Dans la pratique, cette distinction produit des écarts élevés. Prenons un salarié à 2 800 € de salaire de référence et 15 ans d’ancienneté :
- base légale : 10 x 1/4 + 5 x 1/3 = 4,1667 mois de salaire ;
- indemnité non professionnelle : 4,1667 x 2 800 € = environ 11 666,76 € ;
- indemnité professionnelle : environ 23 333,52 €.
On comprend donc pourquoi la qualification de l’origine de l’inaptitude est souvent au centre des discussions.
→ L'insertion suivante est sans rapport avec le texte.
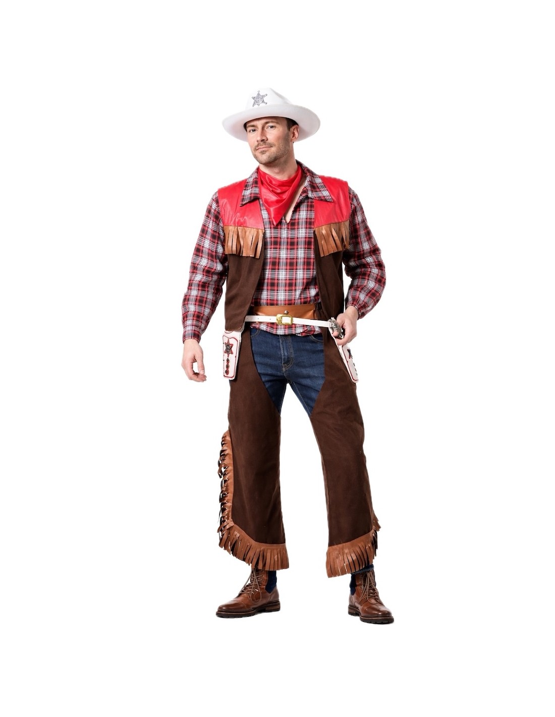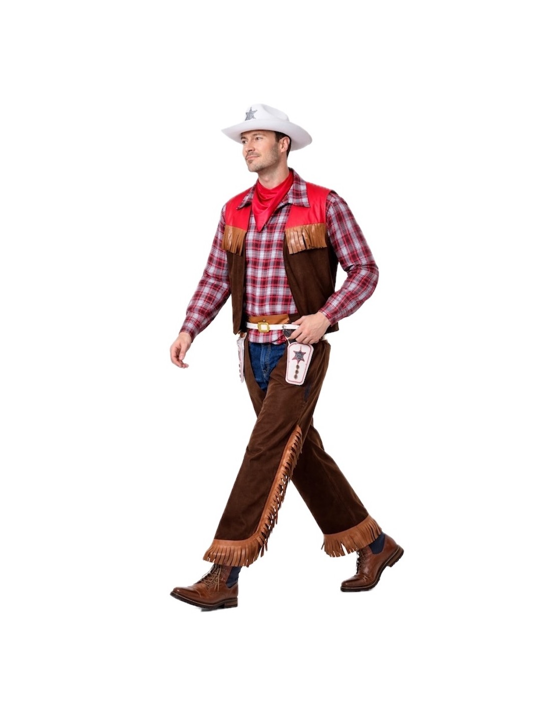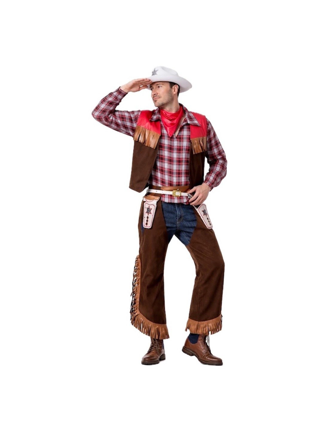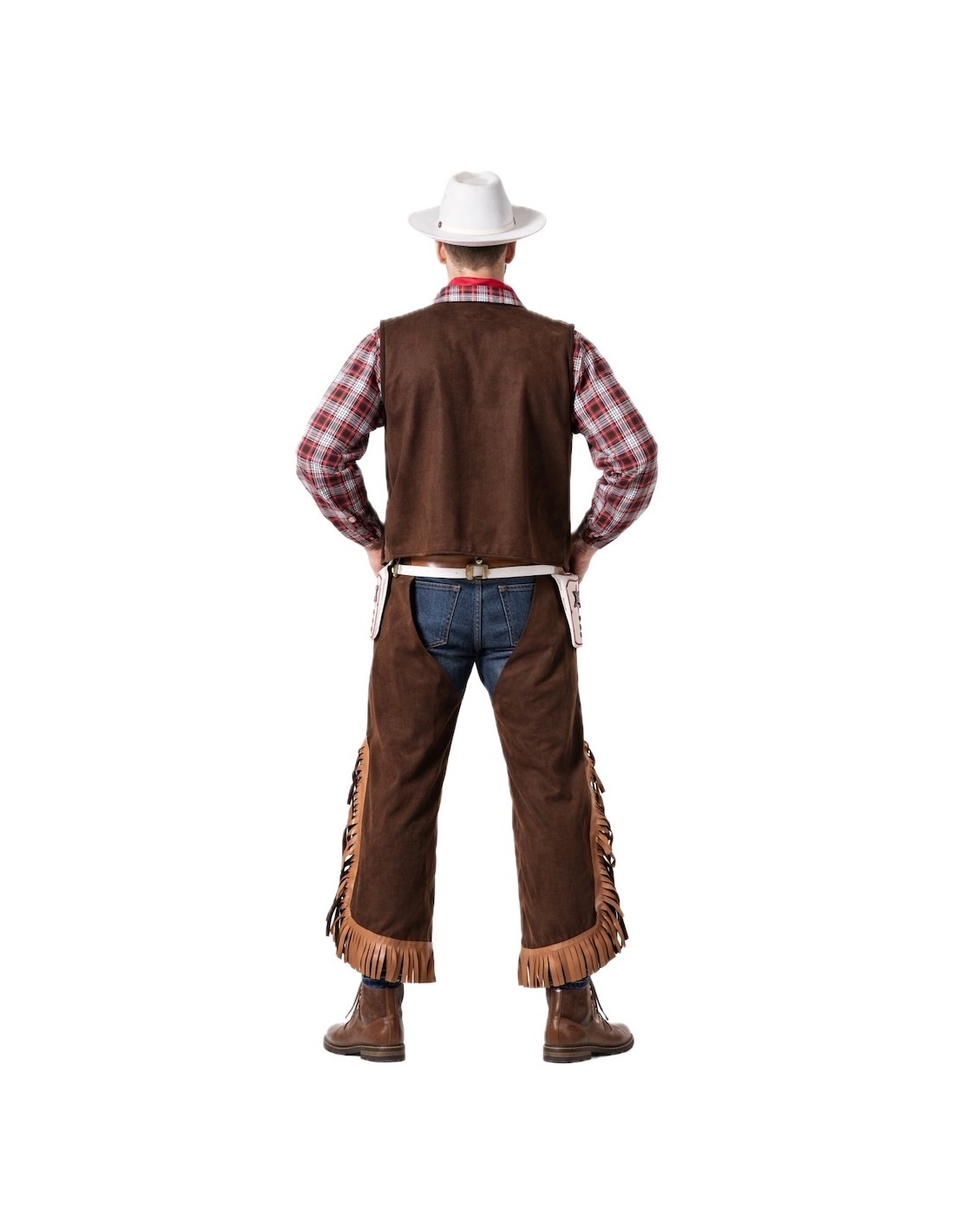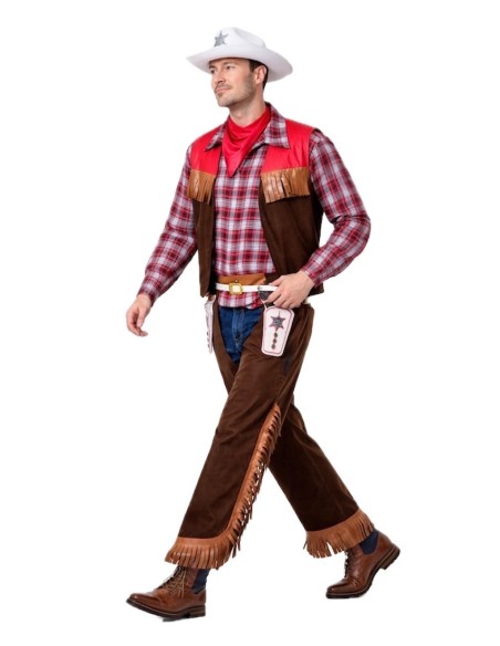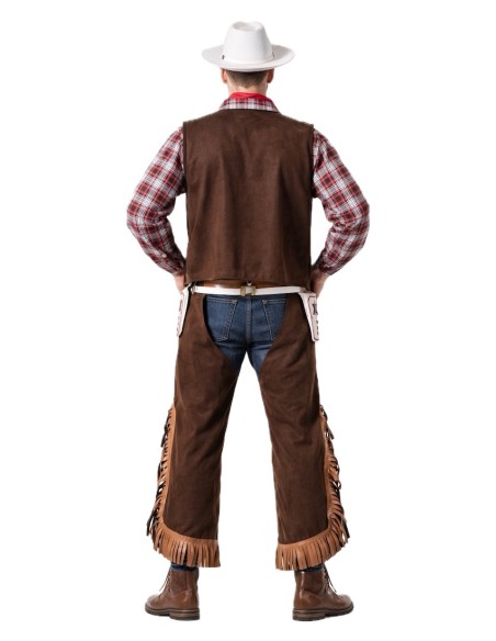 Déguisement classique western avec chemise en polyester au toucher similaire à une nappe et gilet intégré qui simule deux pièces. Le gilet combine du polyester peau de pêche et un doux tricot imitant le cuir rouge, avec des franges renforcées pour plus de poids et de forme. Comprend une ceinture avec élastique et velcro, à partir de laquelle partent deux cartouchières à franges, également en polyester peau de pêche et décorées avec des pièces en plastique qui ressemblent à du métal. Complète l'ensemble un bandana en doux tricot à nouer autour du cou. Confection soignée et tissus confortables avec une finition de qualité.

Elle doit reposer sur le dossier médical, la situation déclarée et, le cas échéant, la reconnaissance d’un accident du travail ou d’une maladie professionnelle.
Étapes pratiques pour calculer correctement votre montant
- Identifiez votre salaire mensuel de référence brut.
- Calculez votre ancienneté exacte en années et mois.
- Vérifiez si vous atteignez le seuil de 8 mois.
- Appliquez 1/4 de mois par année jusqu’à 10 ans.
- Ajoutez 1/3 de mois par année au-delà de 10 ans.
- Ajoutez le prorata pour les mois incomplets.
- Doublez le résultat si l’inaptitude est professionnelle.
- Comparez enfin avec votre convention collective.
Erreurs fréquentes à éviter
- Confondre indemnité de licenciement et barème Macron.
- Oublier le prorata de mois dans l’ancienneté.
- Utiliser un salaire net au lieu du salaire brut de référence.
- Ne pas vérifier si la convention collective est plus favorable.
- Ignorer que l’origine professionnelle peut doubler l’indemnité.
- Supposer qu’un arrêt maladie annule automatiquement les droits, ce qui est faux.
Ce que le calculateur vous donne vraiment
Ce simulateur fournit une estimation de base fiable fondée sur la formule légale la plus couramment utilisée. Il est particulièrement utile pour :
- préparer un entretien RH ou un échange avec un représentant du personnel ;
- vérifier rapidement si un projet de solde de tout compte paraît cohérent ;
- mesurer l’impact financier d’une reconnaissance d’origine professionnelle ;
- visualiser la différence entre indemnité légale et majoration liée à l’inaptitude professionnelle.
En revanche, il ne remplace pas une analyse individualisée lorsque des éléments particuliers interviennent : ancienneté complexe, reprise d’ancienneté conventionnelle, salaire variable important, statut spécifique, convention collective très favorable, ou contentieux sur la cause du licenciement.
Sources officielles et références utiles
Pour approfondir, vous pouvez consulter directement des sources publiques faisant autorité :
- Service-Public.fr – Indemnité légale de licenciement
- Service-Public.fr – Inaptitude du salarié à la suite d’une maladie ou d’un accident
- Legifrance – Code du travail, dispositions relatives au licenciement et à l’inaptitude
Conclusion
Le calcul d’indemnité de licenciement pour inaptitude loi Macron exige donc de bien séparer trois niveaux : la formule légale de l’indemnité de licenciement, la majoration liée à l’inaptitude professionnelle, et le barème Macron prud’homal en cas de contentieux. Si vous retenez cette distinction, vous évitez déjà la majorité des erreurs observées dans les simulateurs approximatifs. Utilisez l’outil ci-dessus pour obtenir une estimation immédiate, puis confrontez le résultat à votre convention collective et, si nécessaire, à un conseil spécialisé.